Before getting into specifics, let's try to briefly answer some questions
about why we need to be concerned about security in the first place.
It is easy to see why an e-commerce site, an on-line bank, or a government
agency with sensitive documents would be concerned about security. But what
about the average user? Why should even a Linux home Desktop user worry about
security?
Anyone connected to the Internet is a target, plain and simple. It
makes little difference whether you have a part-time dialup connection, or a
full-time connection, though full-time connections make for bigger targets.
Larger sites make for bigger targets too, but this does not let small users
off the hook since the "small user" may be less skilled and thus
an easier victim.
Red Hat, and Red Hat based distributions, tend to make for bigger
targets as well, since the installed user base is so large.
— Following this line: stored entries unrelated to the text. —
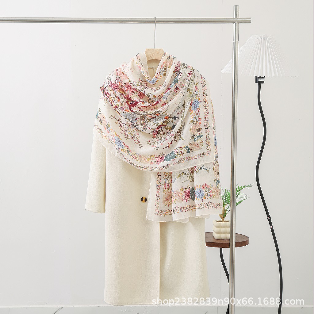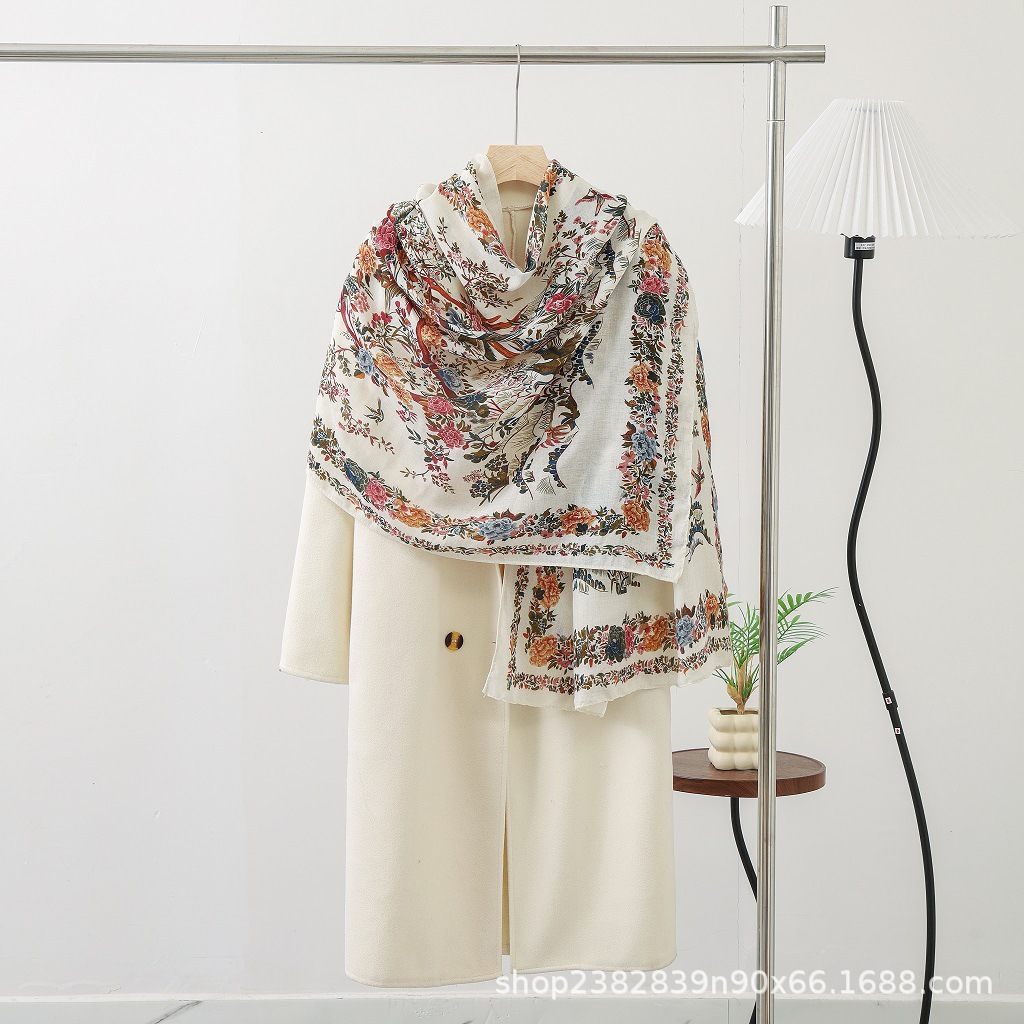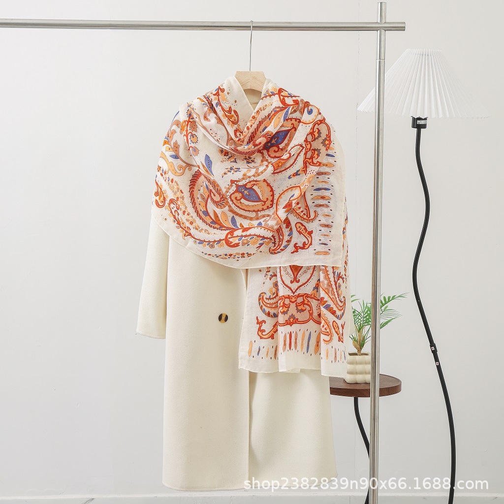 一件代发2025直播韩版印花棉麻围巾欧美经典秋冬保暖围脖外搭披肩
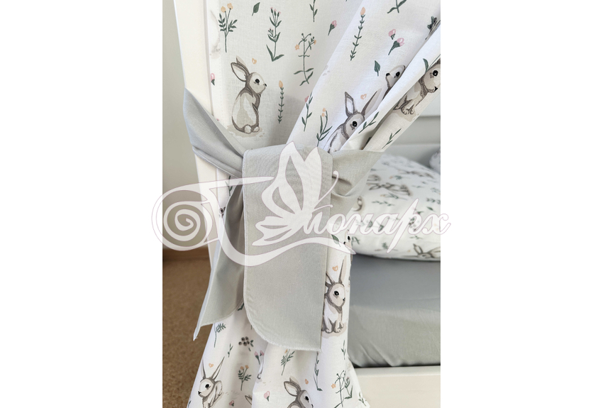 ширина - 82 см. - Занавески с завязками (по 4 завязки на каждой занавеске) на боковые стороны кроватки 2 шт.:
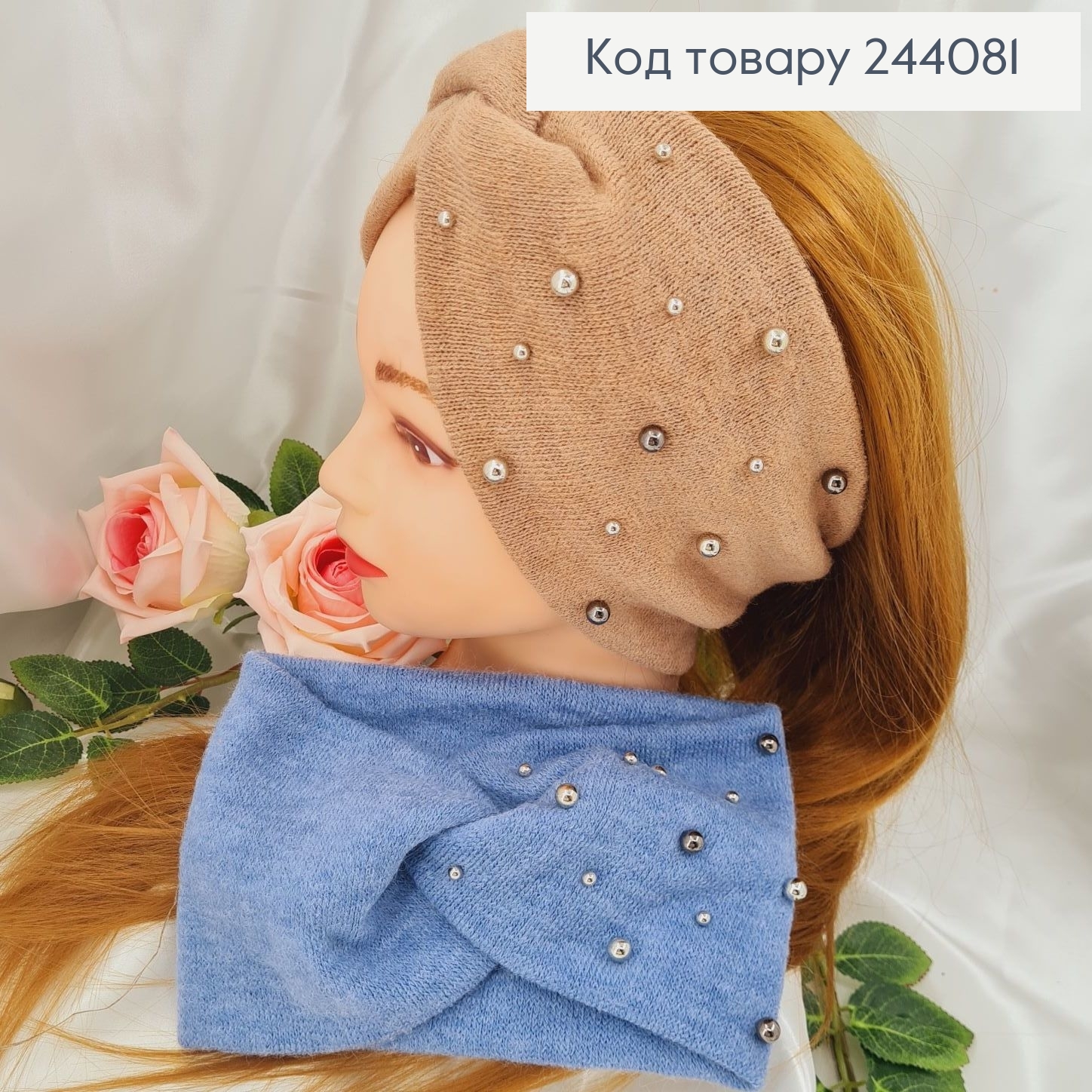 Пов'язка Ангора з бусинками БЛАКИТНА 19*14см, Україна
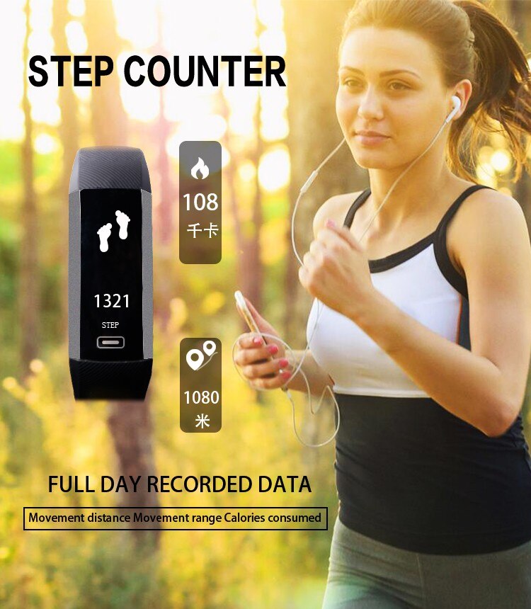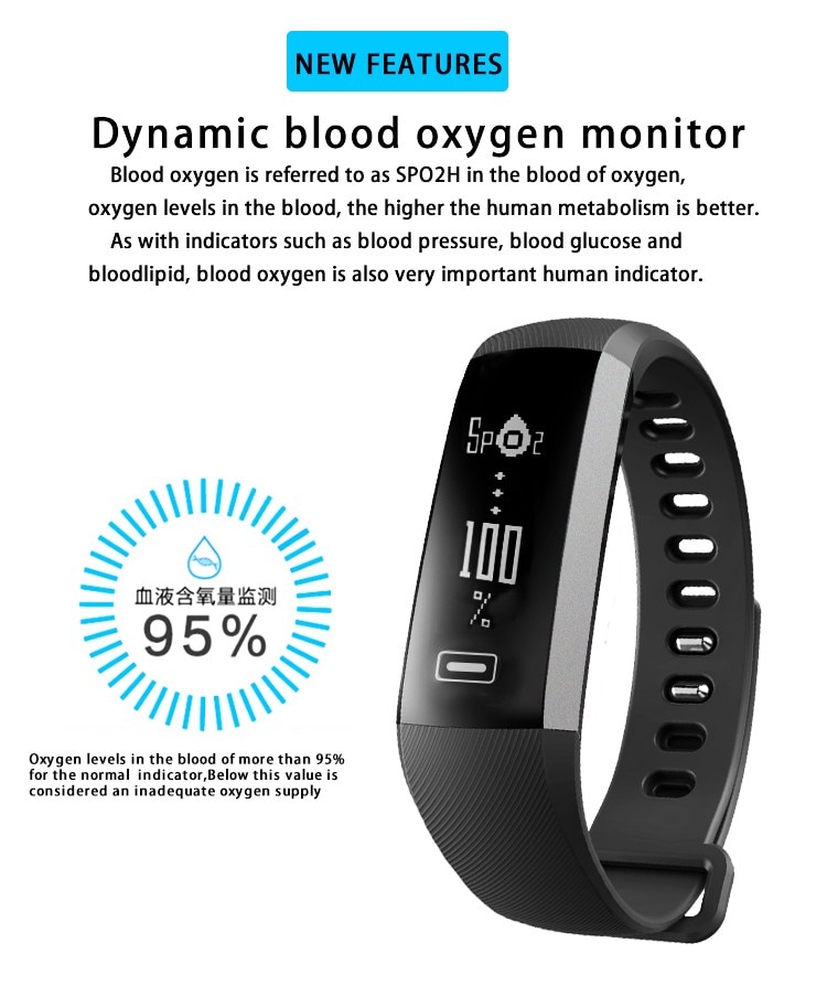 Features: heart rate, step, distance, calories, sleep, call reminder, message reminder, weixin sports, social sharing, remote photography.
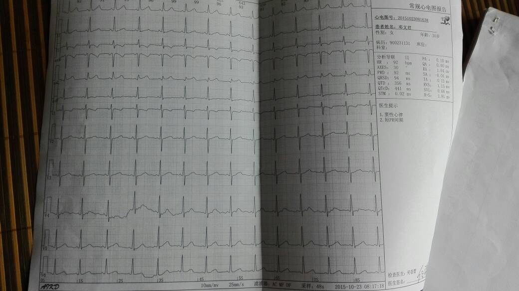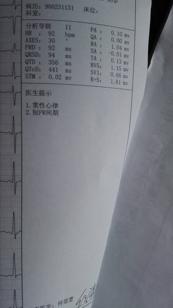 怀孕35周心电图提示窦性心率和短PR间期是什么意识? 点击展开 匿名用户 2015-10-23 12:53 满意回答 你好,像你这种情况,怀孕最纪卫35周,窦性心率是我们正常的心率,而短PR间期在临床上意义不大,建议你顿勒可柴梅以定期复查 cn#BaVBffufuV 2015-10-23 13:15 宝宝知道提示您:回答为网友贡献,仅供参考。 相关问题 怀孕35周心电图出现窦性心率短pr 间期什么意思? 怀孕12周,发烧了 退烧后觉得胸闷 呼吸不上来的感觉 做了心电图,说心率比较快 医生说可以吃点头孢 孕11周!最近老是胸闷气短今天去检查医生让做心电图!怀孕可以做吗?
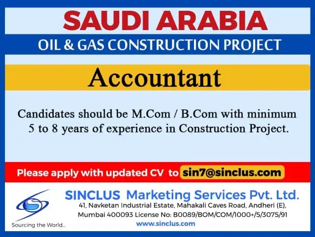 Accountant jobs in Saudi Arabia for Indian - Oil & Gas Project
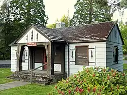 In 1986 the station building was in excellent condition. It is a one-story wood-frame building on a concrete foundation, with gables, timbers, and stone steps. Decorative features include pine tree shaped cutouts in shutters and pine tree designs centered in each gable end.[2][3]:24
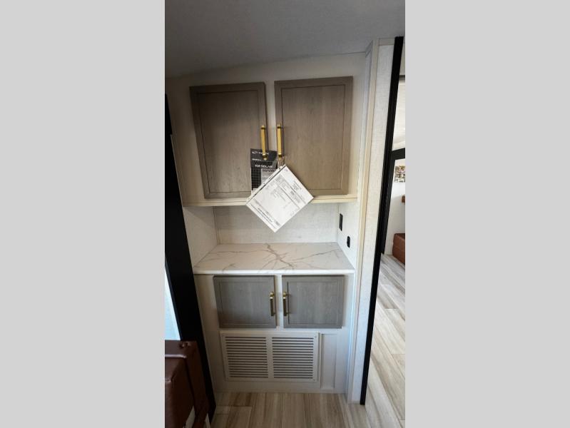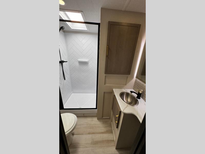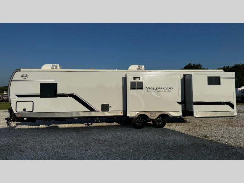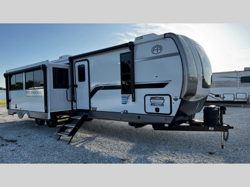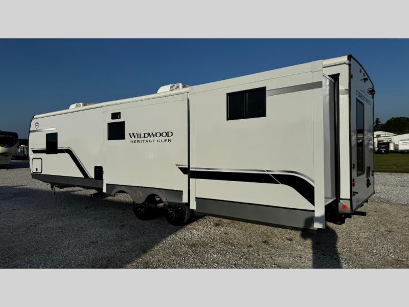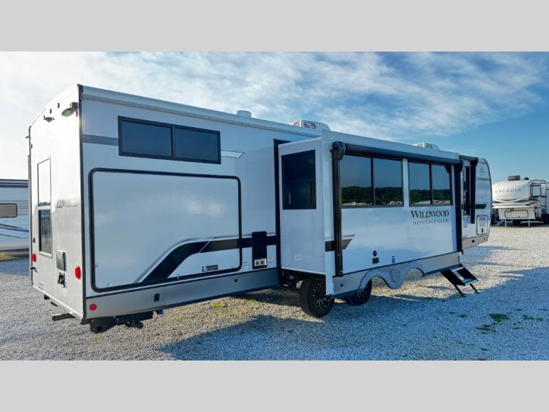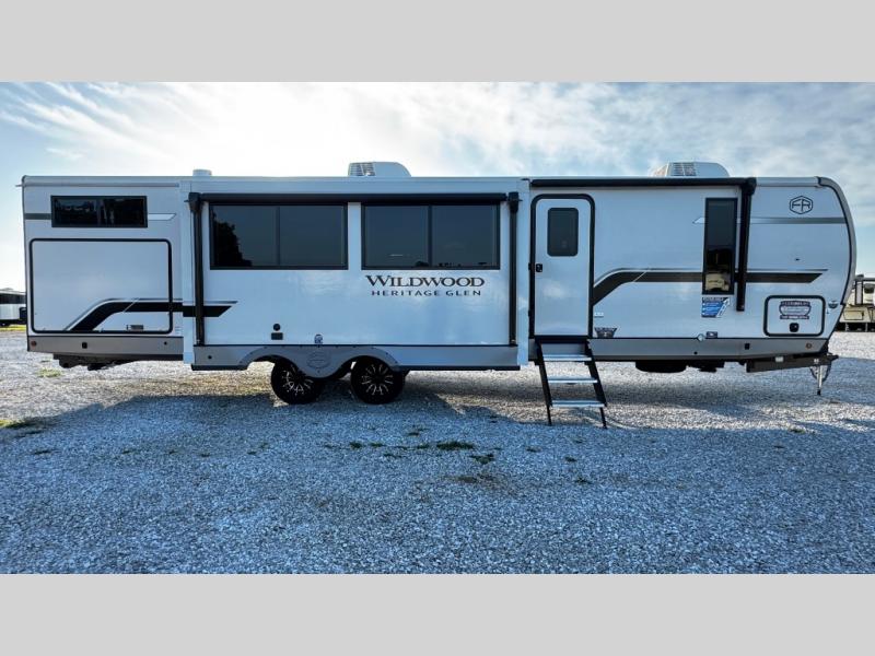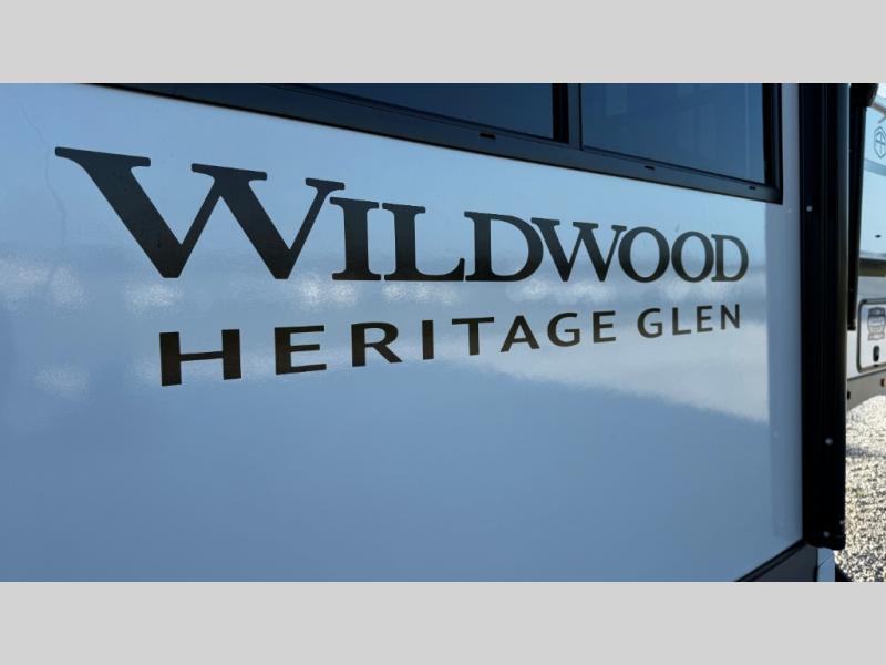 With any Wildwood Heritage Glen travel trailer by Forest River, the quality construction, attention to detail and design along with a bright and welcoming interior allows you to relax in comfort with conveniences while exploring outdoors. Each model includes a WeatherShield one piece fiberglass roof, Maxxis radial tires, and an enclosed underbelly with 12V tank heaters on all holding tanks for added protection. You will appreciate the on-demand tankless water heater, along with the 15K BTU Quite Cool A/C and 50 Amp service with a brace for a second A/C. There is an outside shower with hot and cold water, solar prep, a power tongue jack, plus many more exterior conveniences. Head inside to enjoy matte gold hardware, wood door casings in place of plastic door casings, and full length barreled ceilings for additional head room.
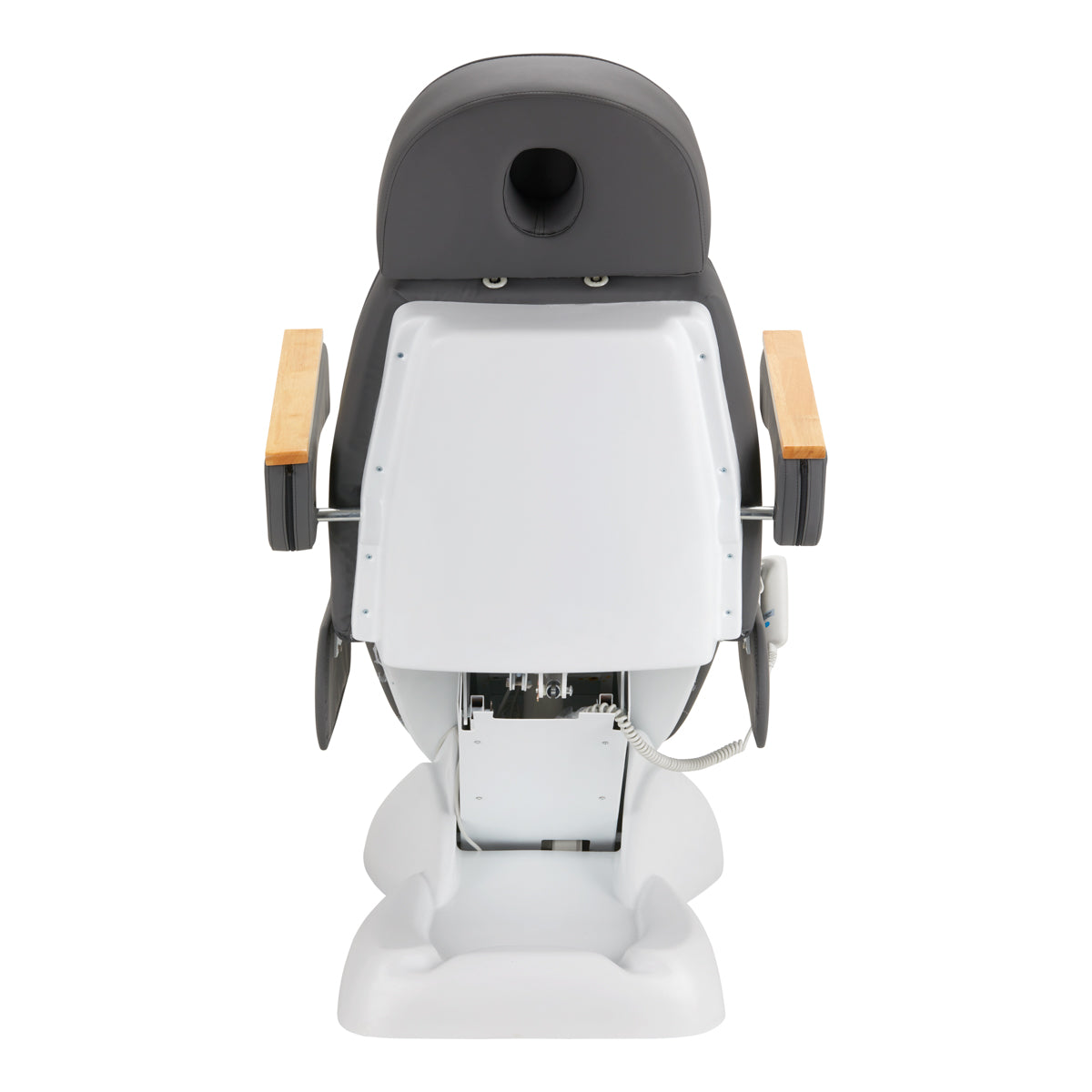 Eine stabile Basis aus langlebigem Material in Weißtönen gewährleistet Stabilität während der Behandlungen. Dekorative Holzelemente an den Armlehnen heben den Stuhl unter anderen modeli hervor und bilden einen visuell ansprechenden, eleganten Akzent. Gut geformte Kanten verleihen dem Stuhl ein stilvolles Aussehen und machen die Sitzfläche ergonomisch.
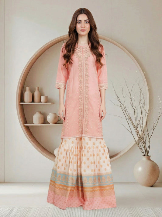 2 Piece Viscose Glitter Suit- Embroidered (Pret)
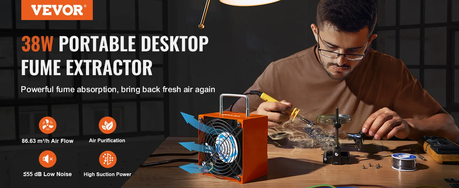 VEVOR Aspiratore Fumi per Saldatura da Tavolo Fai-da-te Potenza 38W Filtro a 3 Strati 86,63 m³/h, Assorbitore Fumi di Saldatura per Riparazione Fai-da-te, Estrattore Fumi Saldatura Progetto Fai-da-te
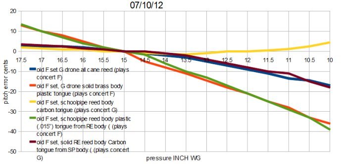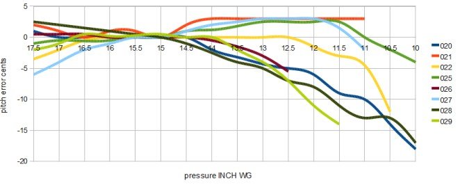 The testing was done in a concert G drone, made for use in the Schoolpipes, by adjusting the drone to play as close to concert G as possible when the pressure was 15"WG (15 inches water gauge). The pressure was then changed by 0.5"WG and a reading taken of the change in pitch. This was repeated for pressures above 15"WG up to 17.5"WG, the maximum the test rig provides) and down until the reed stopped sounding (or when I felt that any lower would add no value to the data). All this data was recorded and loaded into a spreadsheet to create the graphs.
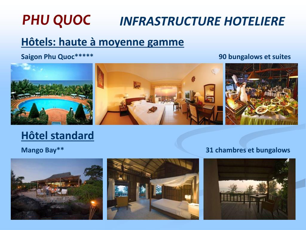 Saigon Phu Quoc***** 90 bungalows et suites Mango Bay** 31 chambres et bungalows PHU QUOC INFRASTRUCTURE HOTELIERE Hôtels: haute à moyenne gamme Hôtel standard
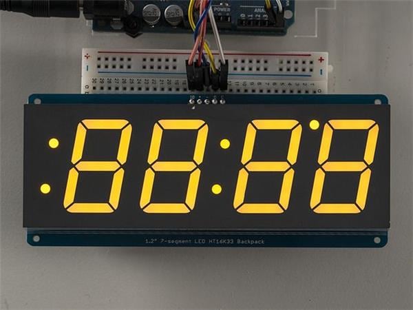 Adafruit 1269 Optoelectronics 7 Segment Display Yel. w/I2C Backpack | EMINKH.COM
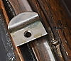 A mount for the glass panel is loose. The glass panel has larger scratches. In other usable condition.
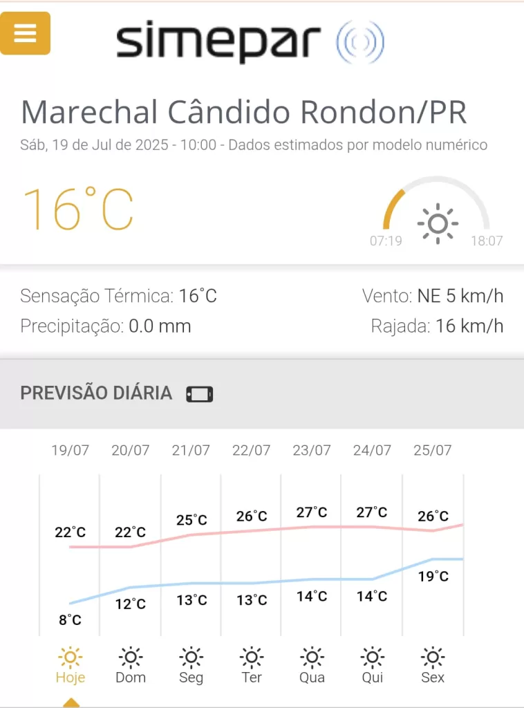 Em Marechal Cândido Rondon o sábado amanheceu com o céu limpo e termômetros na casa dos 7ºC. A temperatura máxima prevista para hoje é de 22ºC. Confira abaixo a previsão para os próximos dias.

There are those out there that are scanning just for easy
victims all the time. If you start logging unwanted connection attempts,
you will see this soon enough. There is little doubt that many of these
attempts are maliciously motivated and the attacker, in some cases, is
looking for Linux boxes to crack. Does someone on the other side of the globe
really want to borrow my printer?
What do they want? Often, they just may want your computer, your IP
address, and your bandwidth. Then they use you to either attack others, or
possibly commit crimes or mischief and are hiding their true identity behind
you. This is an all too common scenario. Commercial and high-profile sites
are targeted more directly and have bigger worries, but we all face this type
of common threat.
With a few reasonable precautions, Red Hat Linux can be very
secure, and with all the available tools, makes for a fantastically fun and
powerful Internet connection or server. Most successful break-ins are the
result of ignorance or carelessness.
The bottom line is:
These are all real possibilities, unless we take the appropriate
precautions.
| If you are reading this because you have already been broken into, or
suspect that you have, you cannot trust any of your system utilities to
provide reliable information. And the suggestions made in the next several
sections will not help you recover your system. Please jump straight to the
Have I been Hacked? section, and read that
first.
|
Ideally, we would want one computer as a dedicated firewall and router. This
would be a bare bones installation, with no servers
running, and only the required services and components installed. The rest of
our systems would connect via this dedicated router/firewall system. If we
wanted publicly accessible servers (web, mail, etc), these would be in a
"DMZ" (De-militarized Zone). The router/firewall allows
connections from outside to whatever services are running in the DMZ by
"forwarding" these requests, but it is segregated from the rest
of the internal network (aka LAN) otherwise. This leaves the rest of the
internal network in fairly secure isolation, and relative safety. The
"danger zone" is confined to the DMZ.
But not everyone has the hardware to dedicate to this kind of installation.
This would require a minimum of two computers. Or three, if you would be
running any publicly available servers (not a good idea initially). Or maybe
you are just new to Linux, and don't know your way around well enough yet. So
if we can't do the ideal installation, we will do the next best thing.